* **DIRECTIONS**: The lines from the one with "B.K. Miller Meats" through the last line of the material below, copied exactly and free of pictures, make up the whole answer.

* **EXTRACTED DATA**:
◇ ◇ ◇ ◇ ◇ ◇ ◇

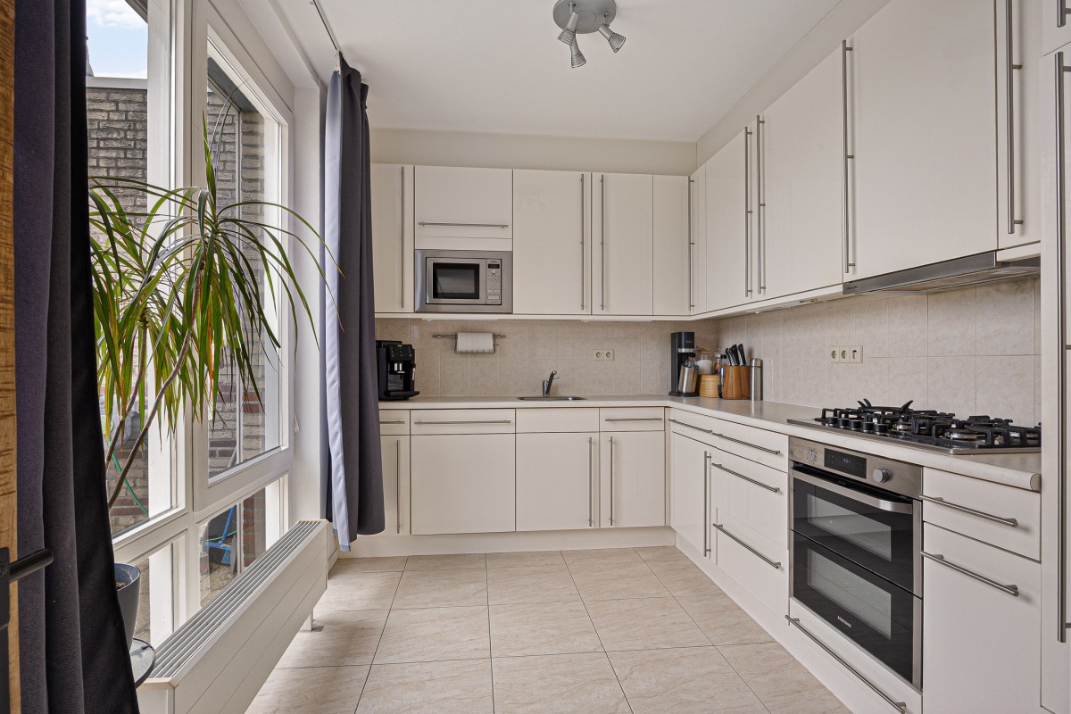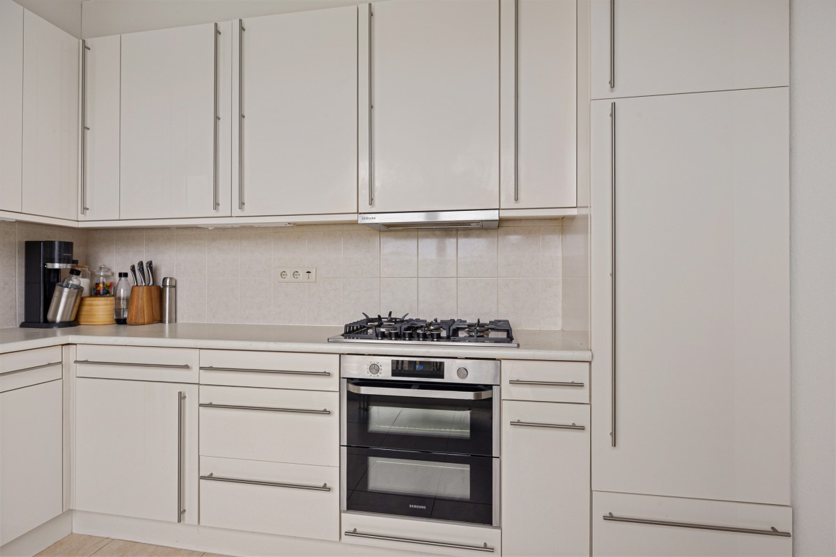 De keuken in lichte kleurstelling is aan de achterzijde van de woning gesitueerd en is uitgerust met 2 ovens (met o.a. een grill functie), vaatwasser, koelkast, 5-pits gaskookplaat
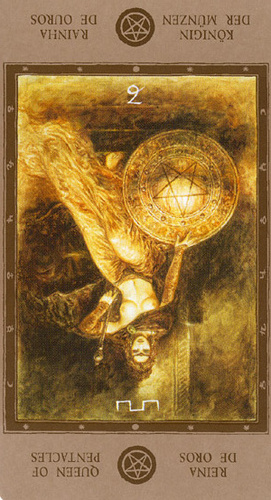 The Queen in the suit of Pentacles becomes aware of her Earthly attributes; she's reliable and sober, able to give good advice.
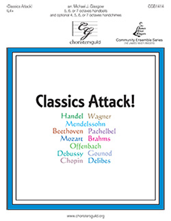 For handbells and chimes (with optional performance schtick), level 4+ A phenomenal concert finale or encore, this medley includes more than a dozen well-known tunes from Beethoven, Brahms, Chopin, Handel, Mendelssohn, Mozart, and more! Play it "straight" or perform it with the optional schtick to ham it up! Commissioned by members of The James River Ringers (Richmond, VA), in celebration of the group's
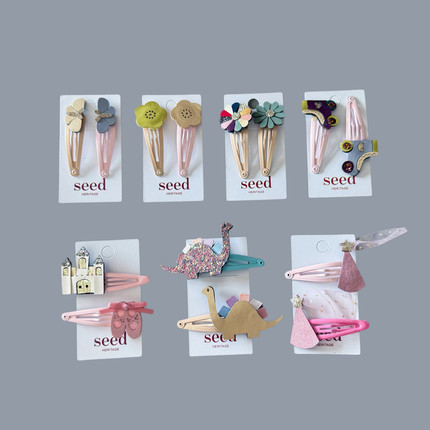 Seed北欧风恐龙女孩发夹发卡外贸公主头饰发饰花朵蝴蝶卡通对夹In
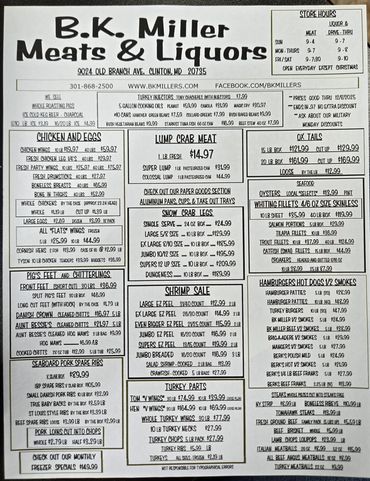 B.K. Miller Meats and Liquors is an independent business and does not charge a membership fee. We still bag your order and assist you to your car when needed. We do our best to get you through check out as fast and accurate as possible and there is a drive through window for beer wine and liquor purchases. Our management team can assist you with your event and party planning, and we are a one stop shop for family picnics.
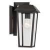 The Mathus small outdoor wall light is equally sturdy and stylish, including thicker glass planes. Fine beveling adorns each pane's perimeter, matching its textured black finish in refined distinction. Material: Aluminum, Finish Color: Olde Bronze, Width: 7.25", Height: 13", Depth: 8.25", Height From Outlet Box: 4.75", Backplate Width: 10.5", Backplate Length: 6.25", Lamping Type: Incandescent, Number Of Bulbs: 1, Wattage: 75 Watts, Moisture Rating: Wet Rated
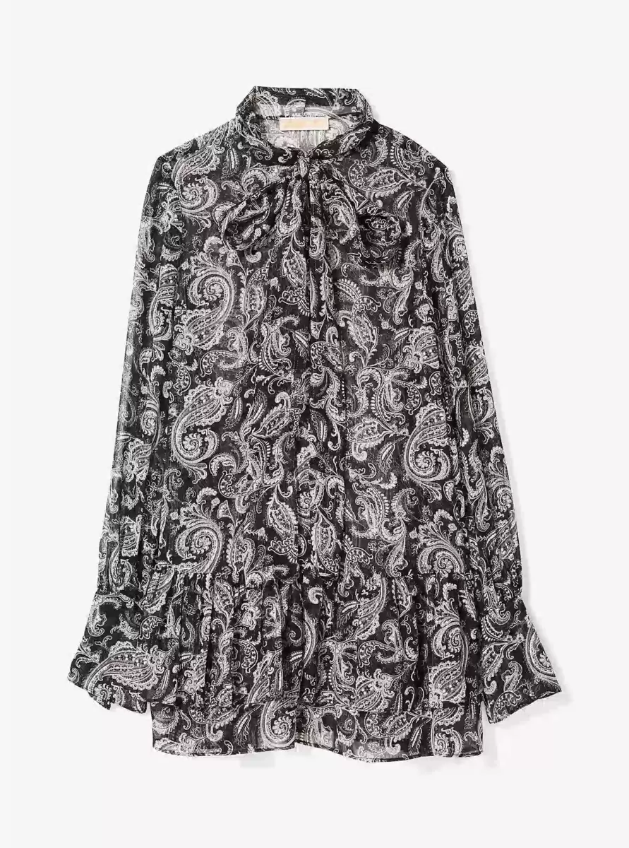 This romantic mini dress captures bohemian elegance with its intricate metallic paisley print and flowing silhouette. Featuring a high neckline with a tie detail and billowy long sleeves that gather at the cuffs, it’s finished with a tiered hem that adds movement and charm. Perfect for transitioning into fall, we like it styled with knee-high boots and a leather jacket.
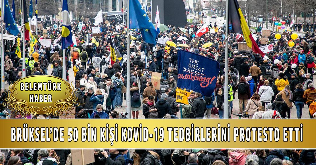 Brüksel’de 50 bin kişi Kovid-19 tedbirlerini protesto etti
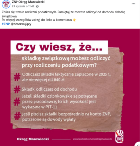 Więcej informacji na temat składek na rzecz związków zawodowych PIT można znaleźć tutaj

◇ ◇ ◇ ◇ ◇ ◇ ◇

* **RESULT OF THIS TASK**:
 B.K. Miller Meats and Liquors is an independent business and does not charge a membership fee. We still bag your order and assist you to your car when needed. We do our best to get you through check out as fast and accurate as possible and there is a drive through window for beer wine and liquor purchases. Our management team can assist you with your event and party planning, and we are a one stop shop for family picnics.
 The Mathus small outdoor wall light is equally sturdy and stylish, including thicker glass planes. Fine beveling adorns each pane's perimeter, matching its textured black finish in refined distinction. Material: Aluminum, Finish Color: Olde Bronze, Width: 7.25", Height: 13", Depth: 8.25", Height From Outlet Box: 4.75", Backplate Width: 10.5", Backplate Length: 6.25", Lamping Type: Incandescent, Number Of Bulbs: 1, Wattage: 75 Watts, Moisture Rating: Wet Rated
 This romantic mini dress captures bohemian elegance with its intricate metallic paisley print and flowing silhouette. Featuring a high neckline with a tie detail and billowy long sleeves that gather at the cuffs, it’s finished with a tiered hem that adds movement and charm. Perfect for transitioning into fall, we like it styled with knee-high boots and a leather jacket.
 Brüksel’de 50 bin kişi Kovid-19 tedbirlerini protesto etti
 Więcej informacji na temat składek na rzecz związków zawodowych PIT można znaleźć tutaj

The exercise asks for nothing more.